4.11. Indien de belanghebbende niet aan de inlichtingenverplichting voldoet is dat een grond voor herziening of intrekking van de bijstand indien als gevolg van het niet nakomen van die verplichting niet kan worden vastgesteld of, en zo ja in welke mate, betrokkene recht op bijstand heeft. Het College stelt zich op het standpunt dat het recht op bijstand over de gehele hier in geding zijnde periode - 16 januari 2004 tot en met 31 maart 2006 - niet kan worden vastgesteld. Hieraan heeft het College ten grondslag gelegd, zoals ter zitting is toegelicht, dat rekenkundig gezien er een externe, niet gemelde bron van inkomsten moet zijn geweest, aangezien appellanten € 5.000,-- meer hebben uitgegeven dan dat zij aan bijstand hebben ontvangen. Naar het oordeel van de Raad zijn er echter geen concrete aanknopingspunten dat appellanten naast de als inkomsten aangemerkte kasstortingen nog andere inkomsten hebben verworven en dat zij daarvan geen mededeling aan het College hebben gedaan, waardoor het recht op bijstand over de gehele in geding zijnde periode niet meer kan worden vastgesteld. Het College veronderstelt slechts dat appellanten inkomsten hebben verworven met de aan- en verkoop van de zes voertuigen die op hun naam geregistreerd zijn geweest en met schoonheidsbehandelingen die konden plaatsvinden in hun woning, maar heeft dit niet feitelijk onderbouwd. Wat de voertuigen betreft, wijst de Raad er hierbij op dat op basis van de beschikbare gegevens niet kan worden vastgesteld hoe lang de voertuigen op naam van appellanten geregistreerd hebben gestaan en wat de waarde daarvan was. Anders dan in het geval van de uitspraak van de Raad van 2 juni 2009, LJN BI6951, valt naar het oordeel van de Raad uit de beschikbare gegevens niet te destilleren dat appellanten een zodanig onduidelijke situatie hebben laten ontstaan met betrekking tot hun financiële situatie dat daardoor niet is vast te stellen of er recht dan wel aanvullend recht op bijstand bestaat.
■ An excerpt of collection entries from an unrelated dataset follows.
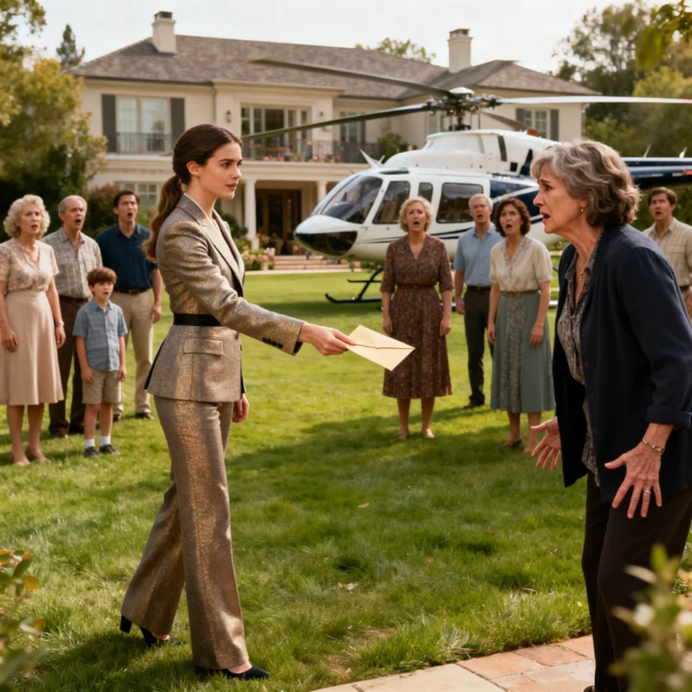 The helicopter came in low over the maples, its blades chopping the humid summer air into frantic ribbons, and for a moment the whole front lawn looked like it was breathing—grass flattening, dust spiraling, napkins skittering off the patio table like startled birds. Someone’s iced tea trembled so hard in a mason jar that the ice clinked like nervous teeth. My father’s guests—people who used to speak over me as if I were furniture—stood frozen on the brick walkway of his suburban Chicago home, mouths half open, eyes wide, as if the sky itself had decided to answer every insult they’d ever thrown at my daughter.
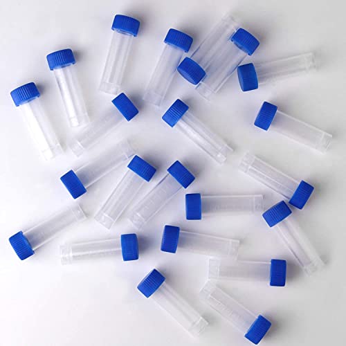 HUAZIZ 40 Pezzi 5 Ml Provette Graduate da aboratorio Provette in Plastica Trasparente con Tappo blu e Contrassegni Graduati
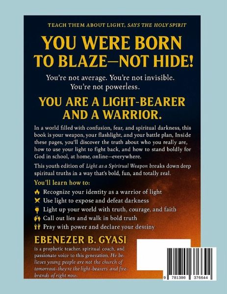You were born into a world where darkness tries to dominate - where fear, confusion, depression, and evil roam like shadows trying to silence the light. But here's the truth: You are not ordinary. You were created by the God of Light, and He has placed within you a radiant fire - a light that darkness cannot overcome. As a child of God, you are not a mistake, a background character, or someone left out of God's great plan. You are chosen. You are appointed. You are anointed. And you have been sent into this generation. What This Book Is About This is not just another devotional or Bible study-it's a full-on spiritual battle plan designed specifically for YOU. Whether you're in middle school, high school, or just discovering who God made you to be, this book is here to help you light up your world and crush darkness with truth, love, and power. You'll learn what it really means to be a light-bearer (someone who carries God's glory) and a warrior (someone who fights for what's right with spiritual weapons). Each chapter is filled with real-talk teaching, spiritual truths, deep insights, and bold prayers to launch you into your purpose. How the Book Is Structured Each chapter includes: Youth-Focused Topics - Real struggles, real warfare, and how to handle it all with God's light. Key Spiritual Insights - Packed with scripture-based truth you can apply immediately. Declarations & Decrees - Speak bold words that change your life and atmosphere. Warrior Prayers - Seven targeted prayers per chapter to activate light, power, and breakthrough. Reflection Questions + Sample Answers - Think deeper, process the truth, and apply it. Journal Prompts + Light Challenges - Real actions to help you live out what you've learned. Worship + Warfare Songs - Music to power up your spirit and atmosphere. STUDY ZONE - Review questions, group discussion starters, and memory verses. Why It's Perfect for You This book was made to be interactive, powerful, and easy to connect with. Whether you're reading solo, using it for youth group, or going through it with a mentor or squad, you'll find: A bold, modern layout that speaks your language. A clear understanding of spiritual warfare and identity. Space to think, write, pray, and grow. Engaging tools to help you shine at school, at home, online, and everywhere in between. So grab your pen, your Bible, and your spiritual armor-because it's time to light up your generation.
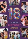 A purple background design featuring a large colourful disco-ball style “18” with the words, surrounded by eight photo upload frames.
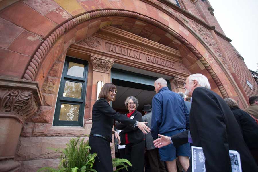 The Alumni Hall rededication and ribbon-cutting ceremony attracted hundreds of people eager to take a peek at the historic structure, long unused but now transformed through a $12.5 renovation project.
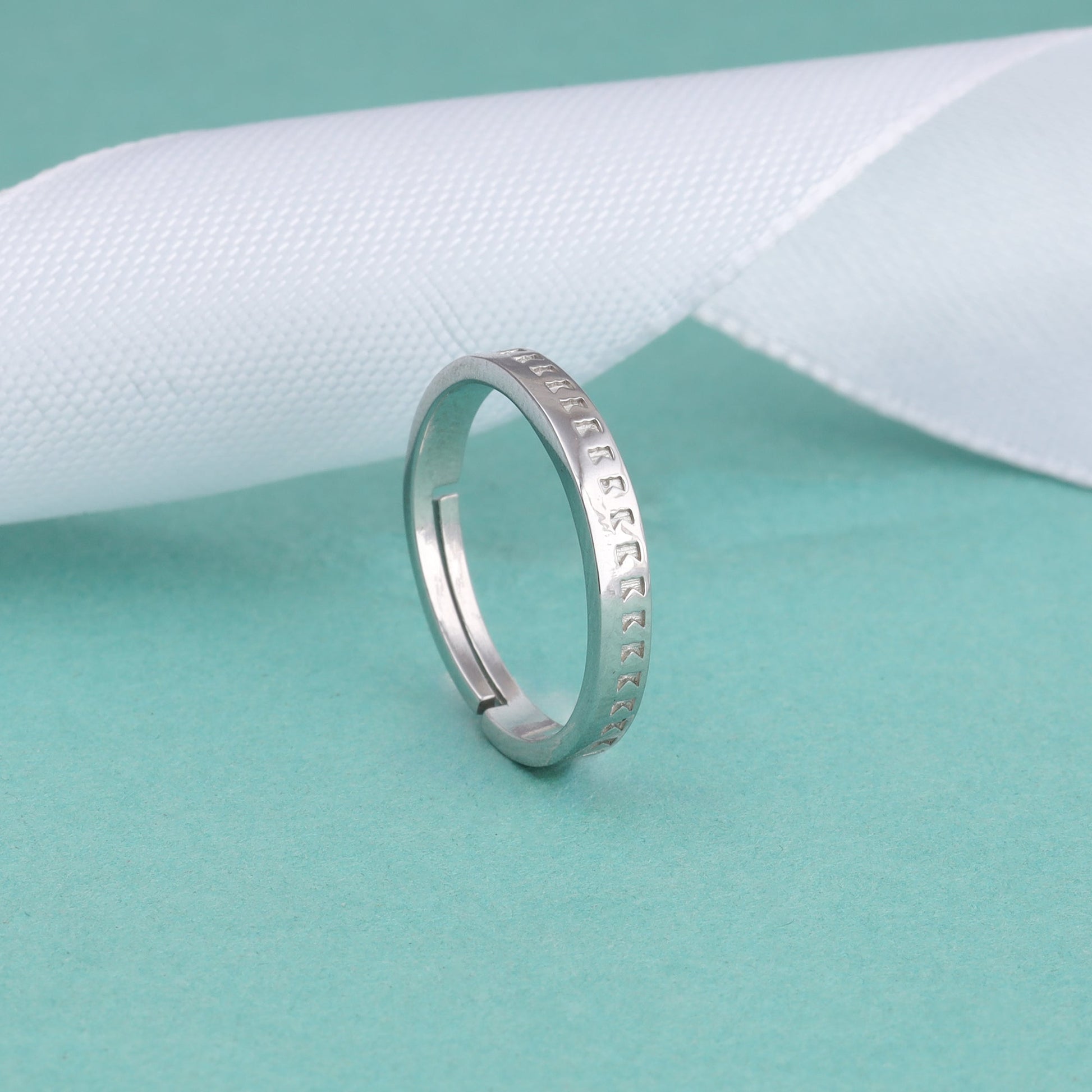 The Silver Dear Hearts Ring has a series of heart patterns all over the silver rim.
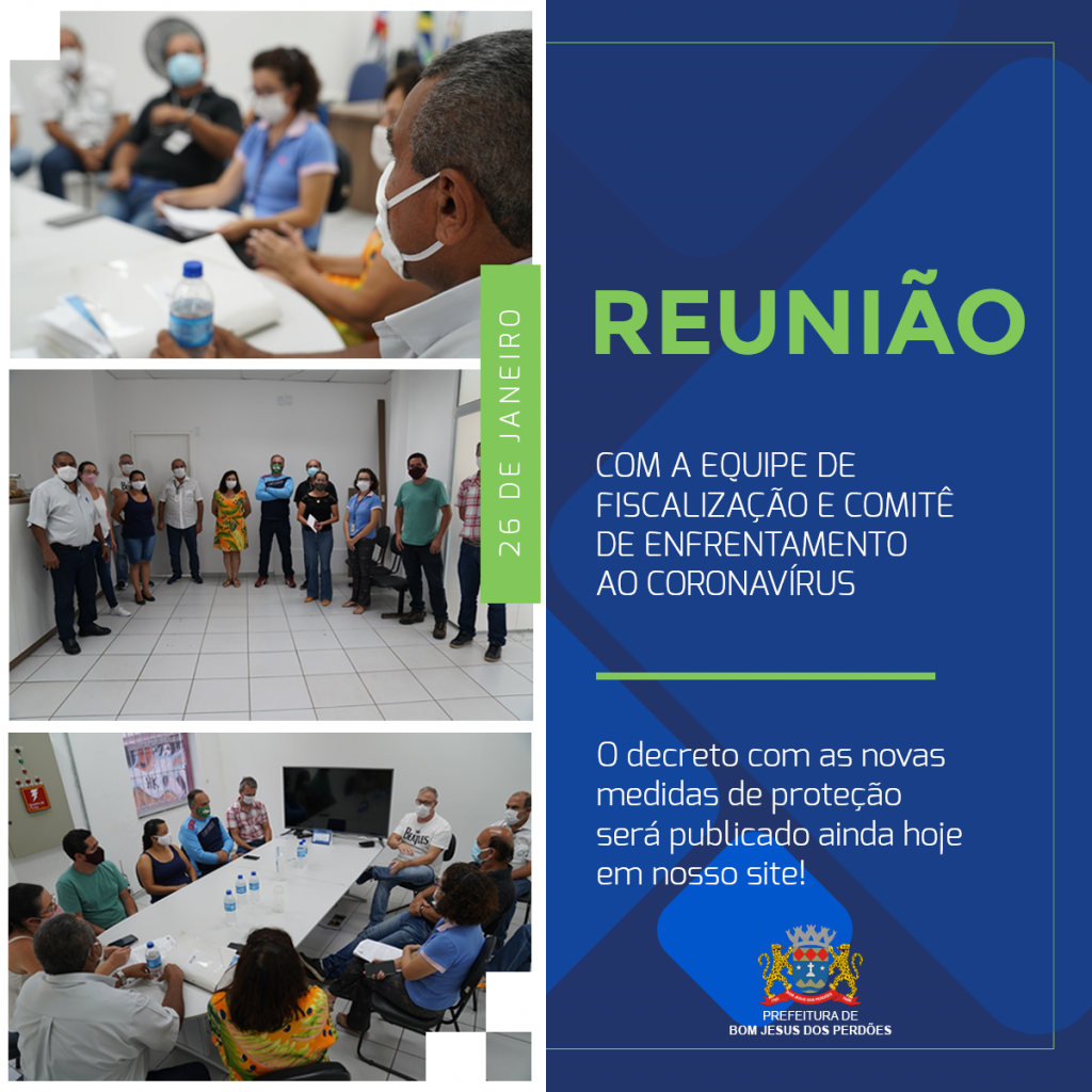 O Prefeito Dr.Benedito se reuniu na manhã dessa terça-feira (26), com a equipe de fiscalização e Comitê de Enfrentamento ao Coronavírus para finalizar os últimos detalhes do decreto municipal referente a nova fase de Bom Jesus dos Perdões no Plano São Paulo.

4.12. Gelet op hetgeen is overwogen onder 4.11 is de Raad van oordeel dat het College niet heeft voldaan aan de op hem rustende onderzoeksplicht en bewijslast, zoals omschreven onder 4.8. Het besluit van 1 mei 2007, voor zover het ziet op de intrekking en terugvordering van algemene en bijzondere bijstand over de periode van 16 januari 2004 tot en met 31 maart 2006, berust derhalve niet op een zorgvuldig onderzoek en ontbeert een deugdelijke motivering. De rechtbank heeft dit niet onderkend, zodat de aangevallen uitspraak (ook) voor vernietiging in aanmerking komt voor zover deze betrekking heeft op de intrekking en terugvordering van bijstand over de hiervoor genoemde periode. Doende wat de rechtbank zou behoren te doen zal de Raad het beroep tegen het besluit gegrond verklaren en het besluit van 1 mei 2007 in zoverre vernietigen wegens strijd met de artikelen 3:2 en 7:12, eerste lid, van de Awb en het College opdragen een nieuw besluit op bezwaar te nemen.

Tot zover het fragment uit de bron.